Dell a 15 ans lorsque ses parents – lui, pilote de bombardier à la retraite et elle, institutrice – sont arrêtés par la police pour avoir braqué une banque. L’événement projette cet adolescent quelque peu lunaire, aimant jouer aux échecs et rêvant de devenir apiculteur, dans une réalité crue et dure à laquelle il n’était pas préparé. D’autant moins qu’il a été élevé, avec sa sœur jumelle, Berner, dans une espèce de huis clos familial, déménageant au rythme des mutations du père, dans lequel aucune autre personne ne pouvait réellement s’intégrer. Les deux adolescents n’attendent pas que les services sociaux viennent les chercher et décident de quitter la maison familiale. Dell suit les conseils que sa mère lui a donnés, à savoir, passer la frontière au nord et se réfugier au Canada, avec l’aide d’une connaissance de sa mère. Mais Berner, en révolte, part seule de son côté.

Si vous aimez les histoires rythmées, pleine de suspense, vous faisant tourner les pages à vive allure, impatient que vous êtes de connaître la suite, passez votre chemin. Canada vous ennuiera. Richard Ford impose d’emblée un rythme lent qui traduit à la fois la morne vie de cette famille à la fin des années 1950 dans le Montana et une forme de méditation sur ce qu’est la vie, ce à quoi elle tient, les choix que nous faisons ou nous ne faisons pas, ainsi que leurs conséquences. Séquencé en trois parties et écrit rétrospectivement – Dell a 63 ans lorsqu’il narre l’histoire de sa vie – à la première personne du singulier, Canada est un livre étrange qui ne se laisse pas apprivoiser facilement. Il offre cependant grande matière à réflexion.
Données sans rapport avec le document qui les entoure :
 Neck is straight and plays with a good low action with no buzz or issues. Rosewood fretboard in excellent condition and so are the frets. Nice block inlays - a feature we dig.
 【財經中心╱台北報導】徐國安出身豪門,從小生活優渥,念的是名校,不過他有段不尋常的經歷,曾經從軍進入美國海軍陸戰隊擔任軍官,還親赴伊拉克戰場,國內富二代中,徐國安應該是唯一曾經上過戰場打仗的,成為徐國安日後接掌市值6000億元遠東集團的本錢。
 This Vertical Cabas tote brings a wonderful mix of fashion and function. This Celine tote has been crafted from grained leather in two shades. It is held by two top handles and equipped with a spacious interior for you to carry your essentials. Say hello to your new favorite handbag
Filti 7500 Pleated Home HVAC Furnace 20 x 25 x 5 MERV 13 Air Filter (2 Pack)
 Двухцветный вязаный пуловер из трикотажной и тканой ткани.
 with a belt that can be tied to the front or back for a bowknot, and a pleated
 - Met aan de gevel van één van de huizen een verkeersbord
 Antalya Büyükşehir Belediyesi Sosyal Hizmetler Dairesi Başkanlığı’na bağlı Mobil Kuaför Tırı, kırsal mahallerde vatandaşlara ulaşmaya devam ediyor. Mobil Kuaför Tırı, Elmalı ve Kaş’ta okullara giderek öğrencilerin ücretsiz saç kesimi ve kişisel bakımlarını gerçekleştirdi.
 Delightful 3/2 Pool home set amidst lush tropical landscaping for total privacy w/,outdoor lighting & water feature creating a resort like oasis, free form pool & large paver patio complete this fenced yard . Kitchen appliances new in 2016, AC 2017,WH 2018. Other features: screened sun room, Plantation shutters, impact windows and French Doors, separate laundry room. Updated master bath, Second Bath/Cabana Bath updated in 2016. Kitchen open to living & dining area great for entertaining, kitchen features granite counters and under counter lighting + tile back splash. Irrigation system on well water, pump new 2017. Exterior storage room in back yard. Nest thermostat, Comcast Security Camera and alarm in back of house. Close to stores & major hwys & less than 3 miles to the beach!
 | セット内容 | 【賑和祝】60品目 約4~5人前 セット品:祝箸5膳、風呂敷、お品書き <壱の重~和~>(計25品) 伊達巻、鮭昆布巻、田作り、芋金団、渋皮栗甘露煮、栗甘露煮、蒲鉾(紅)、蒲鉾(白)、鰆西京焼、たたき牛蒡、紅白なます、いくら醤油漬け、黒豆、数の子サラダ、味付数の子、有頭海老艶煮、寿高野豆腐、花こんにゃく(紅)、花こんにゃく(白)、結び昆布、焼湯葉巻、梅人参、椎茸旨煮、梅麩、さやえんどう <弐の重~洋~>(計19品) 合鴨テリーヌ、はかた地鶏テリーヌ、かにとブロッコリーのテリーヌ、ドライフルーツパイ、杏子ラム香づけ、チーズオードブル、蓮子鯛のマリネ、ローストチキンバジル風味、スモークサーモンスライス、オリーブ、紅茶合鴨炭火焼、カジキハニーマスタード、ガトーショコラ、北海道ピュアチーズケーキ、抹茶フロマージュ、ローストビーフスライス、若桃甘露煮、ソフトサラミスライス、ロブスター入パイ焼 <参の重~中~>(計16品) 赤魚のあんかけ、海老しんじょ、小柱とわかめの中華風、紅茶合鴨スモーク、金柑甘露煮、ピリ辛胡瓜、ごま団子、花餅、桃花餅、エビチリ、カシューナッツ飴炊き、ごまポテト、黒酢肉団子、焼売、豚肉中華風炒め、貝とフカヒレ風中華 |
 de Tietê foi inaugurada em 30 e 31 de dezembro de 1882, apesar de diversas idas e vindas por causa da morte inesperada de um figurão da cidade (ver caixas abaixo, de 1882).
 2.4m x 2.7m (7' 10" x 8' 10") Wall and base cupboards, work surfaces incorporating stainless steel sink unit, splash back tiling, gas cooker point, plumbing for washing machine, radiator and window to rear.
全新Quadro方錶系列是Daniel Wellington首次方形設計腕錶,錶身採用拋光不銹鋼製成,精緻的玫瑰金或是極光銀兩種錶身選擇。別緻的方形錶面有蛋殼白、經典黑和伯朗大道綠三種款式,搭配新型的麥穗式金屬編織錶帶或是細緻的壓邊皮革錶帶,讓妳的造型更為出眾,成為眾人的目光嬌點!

Extrait, page 34 : « Ce que je sais des événements qui ont eu lieu ensuite, à partir de la mi-été 1960, je le tiens essentiellement de quelques sources plus ou moins fiables : La Great Falls Tribune, dont les reportages sur nos parents faisaient ressortir le côté loufoque et cocasse de leur entreprise. Et puis la chronique écrite par ma mère à la prison du comté de la Golden Valley dans le Dakota du Nord, où elle attendait son procès, et, plus tard, dans le pénitencier de Bismarck. Je sais deux ou trois choses que les gens m’ont dites à l’époque. Et bien entendu, je connais certains détails parce que nous vivions avec eux, à les observer comme le font les enfants, et que nous avons vu un quotidien heureux, banal et paisible se détériorer, se dégrader – même s’il n’y a pas eu mort d’homme à ce moment-là ». Richard Ford.